From conceptualization to final guidance publication, developing guidances is a resource intensive, repetitive, and lengthy process. Once published, guidances may be inconsistently implemented or be at risk of becoming obsolete if the tools, technologies, and approaches rapidly evolve. These challenges could be overcome by increased focus on education and regular evaluation of the effectiveness of final guidances. Additional suggestions to increase agility included publishing addendums to guidances (e.g., Q&A documents) and developing less prescriptive lean guidances that provide a framework for rapidly evolving topics.

Globally harmonized guidelines that are developed via consensus among global regulators and stakeholders can help reduce uncertainty during global drug development. Many clinical pharmacology relevant guidelines have been published under the aegis of the International Council for Harmonisation of Technical Requirements for Pharmaceuticals for Human Use (ICH), including the recent drug interaction guideline.¹⁵ Some of the challenges identified in developing harmonized guidelines include the time and resources needed to develop or update a harmonized guideline as well as anecdotal reports of inconsistent implementation of recommendations across global regulatory authorities. As with FDA guidances, a focus on education, training, and evaluation are needed to support successful implementation of global guidelines. Due to time and resource intensive nature, topic selection for future harmonization needs to balance impact with amenability to global alignment.

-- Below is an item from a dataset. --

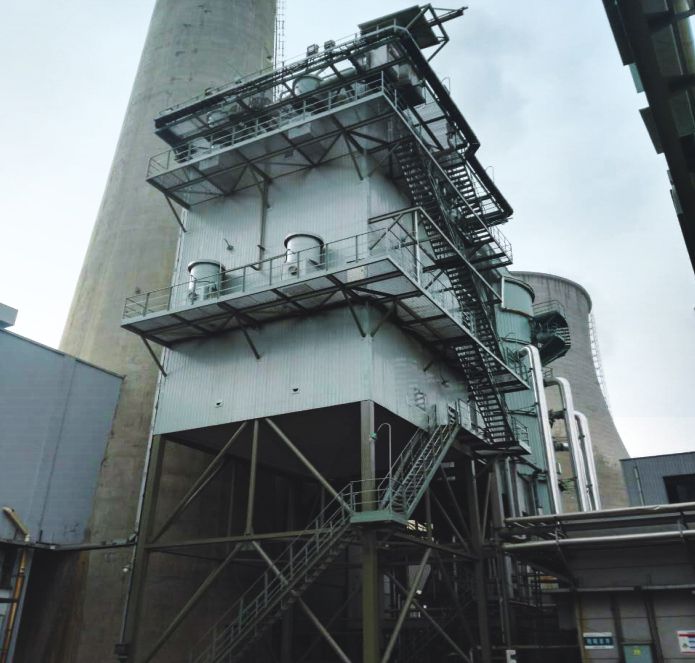 濟寧金威熱電有限公司2×130t/h鍋爐濕電工程,釆用塔外臥式金屬板式濕電,配置堿液掛膜沖洗水系統。

The landscape of drug development is evolving, powered by advancing science as well as tools and technologies. In such an environment, guidances and policies must be nimble while ensuring consistency in decision-making. Cutting edge regulatory research and multistakeholder engagements are crucial to ensure that we can navigate the tension between consistency and innovation. Patient-centric regulatory research is valuable in filling knowledge gaps in drug discovery, development, regulation, and utilization, and can inform the scientific recommendations provided in guidances. However, to be effective, regulatory science should start at drug discovery and continue even after approval of the drug, with research adapting to identified knowledge gaps and needs. To ensure continuity, stakeholder input becomes crucial. Discussions with stakeholders from other government agencies, international regulators, industry, academia, professional societies, healthcare providers, patient advocates, and patients become important to learn about their experiences, challenges, and potential future opportunities. This can lead to the development of clear, pragmatic, contemporary, and patient-centered guidances and best practices that increase efficiency of the drug development process.

The authors declare that they have no conflicts of interest to disclose.

None.

This manuscript reflects the views of the author and should not be construed to represent FDA's views or policies.